6 cents, 6 percent and the value of a sixth sense

September 29th, 2009 / Author: admin

At a recent set of focus groups —  you know where a small group of subjects is quizzed on a particular subject while being scrutinized through one-way glass by a smaller group of people hoping for insight that can be extrapolated across thousands — I heard confusion arise.  The facilitator said: “6 cents in every 100 dollars,” but it kept being played back as “6 percent in every 100 dollars.”

Big difference.  How come?  For nearly 60 years we have seen the meaning of numbers and percentages overtaken by the importance of the argument they are used to promote.  The focus group insight is: we are all guilty.  One reason may be how the apparent objectivity of numbers lends credibility to any argument no matter how contorted the equation that produced them.

Go back to 1954, when Darrell Huff and Irving Geis published “How to Lie with Statistics.” It kicked off a trend of adding math to marketing.

Here is how the book opened:

“‘There’s a mighty lot of crime around here,’ said my father-in law a little while after he moved from Iowa to California.  And so there was — in the newspaper he read.  It is one that overlooks no crime in its own area and has been known to give more attention to an Iowa murder than was given by the principal daily in the region in which it took place.

“My father-in-law’s conclusion was statistical in an informal way.  It was based on a sample, a remarkably biased one.

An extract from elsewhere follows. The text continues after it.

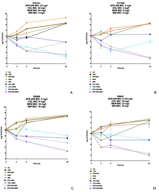 Time-kill analyses (TKAs) were performed against four isolates (CRAB and COL-resistant) in Mueller–Hinton broth (MHB) as growth media and each TKA was performed in duplicate for all antibiotic regimens to ensure reproducibility. In the TKA against the four A. baumannii isolates, each well was treated without a drug, SPR206, COL, MEM, MIN, SPR206 + MEM, SPR206 + MIN, COL + MEM, and COL + MIN, at a concentration of 0.5× MIC or the biological free peak (MEM fCmax at 30 mg/L per 1 g q 8 h dosing, COL fCmax at 2 mg/L per 4.5 million IU q 12 h dosing, and MIN fCmax at 8 mg/L per 200 mg IV q 12 h dosing), utilizing whichever was lower [32,46,47]. The experiments were conducted at a starting inoculum of ~1 × 106 for each isolate and were conducted in a shaker incubator at 37 °C for 24 h and aliquots of 0.1 mL were obtained from each well at the 0-, 4-, 8-, and 24-h time intervals.

Like many a more sophisticated statistic it was guilty of semiattachment: It assumed that newspaper space given to crime reporting is a measure of a crime rate.”

Guarding against the urge to confer credibility on every random column of numbers that “foot” — add up correctly — puts a burden of all of our five senses.  If extra sensory perception is the ability to see things without evidence or experience, it may take that sixth one to protect us from ourselves.